Avec un sourire contrôlé, il répond à toutes ses questions sur Cambridge, Harvard, et le confort de son dortoir. Pourtant, je décèle une pointe de condescendance dans son ton. Ce n'est pas juste. Heather n'est pas un génie, certes, mais elle est loin d'être idiote - surtout elle, qui a un cœur en or.

Je prends mon courage à deux mains pour briser le silence, agacé par mon exclusion. « Quelle est ta spécialité ? »

Heather anticipe ma question. « Il va devenir médecin », répond-elle comme si elle annonçait des fiançailles.

Ross fronce les sourcils, énigmatique. Impossible de lire ses pensées. Il semble soit agacé par notre présence, soit ailleurs.

Quelques minutes plus tard, il interrompt Drew : « Désolé de couper court, mais il faut qu'on soit prêts dans dix minutes. » Drew le regarde, incrédule. « Grand-mère », précise Ross.

« Oh non, j'avais complètement oublié ! » s'exclame Drew, se rappelant soudain.
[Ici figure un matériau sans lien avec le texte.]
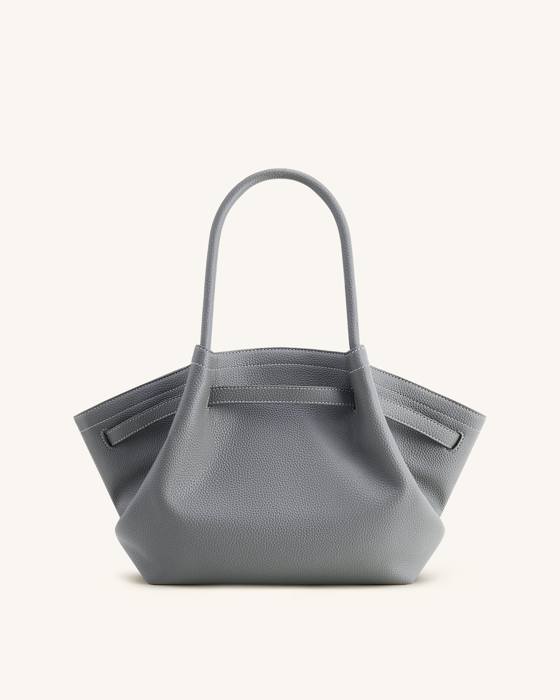 This structured tote bag in slate grey features a sculptural trapezoid silhouette and a subtly grained texture for a refined, modern look. Designed with long top handles and a magnetic closure, it's spacious enough for daily essentials while elevating any outfit with understated elegance.
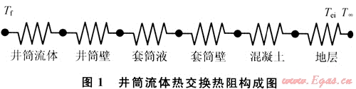 圖1顯示了井筒流體與地層間熱交換最全面的熱阻構(gòu)成??倐鳠嵯禂?shù)U或熱阻R,由6項(xiàng)串聯(lián)組成:①井筒內(nèi)流體的對(duì)流換熱;②井筒壁的熱傳導(dǎo);③井筒與套管間環(huán)形空間套筒液的對(duì)流換熱;④套筒壁的熱傳導(dǎo);⑤混凝土的熱傳導(dǎo);⑥地層的熱阻。
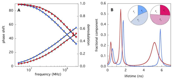 (A) Phase-shift demodulation data of ELAO (6.6 μM, blue symbols) and LSAO (7.0 μM, red symbols), as a function of the excitation frequency. The solid lines correspond to the best fit obtained on the basis of the lowest chi-squared values and residuals; (B) lifetime distributions corresponding to the best fit by interpolating the data of (A). In the inset, the relative fractional contributions of the three species (F1, F2, and F3) are reported.
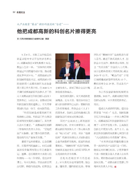 局(成都高新区科技创新局前身) 接到调任通知,宋大勇选择直 善流畅,2022 年,成都高新区科技

Je lance un regard interrogateur, toujours assis sur ses genoux. « On doit rendre visite à ma grand-mère, maman nous a promis qu'on passerait cet après-midi. »

Ross, déjà prêt, vêtu d'un pantalon gris impeccable et d'une chemise blanche parfaitement repassée, jauge Drew d'un regard sévère. Drew, en t-shirt usé et short de bain, grimace. « Je dois raccompagner Jenny chez elle », dit-il, ce qui semble profondément contrarier son frère.

J'ai soudain l'impression que Ross me reproche de ralentir leur visite familiale. « Je peux prendre le bus », dis-je en me levant doucement, alors que Drew vérifie sa montre.

Il semble soulagé, mais moi, je suis déçu. Moins de dix minutes en voiture nous séparent, mais le trajet en bus est plus long et l'arrêt se trouve à plusieurs pâtés de maisons. Pourtant, je ne veux pas qu'il ait d'ennuis.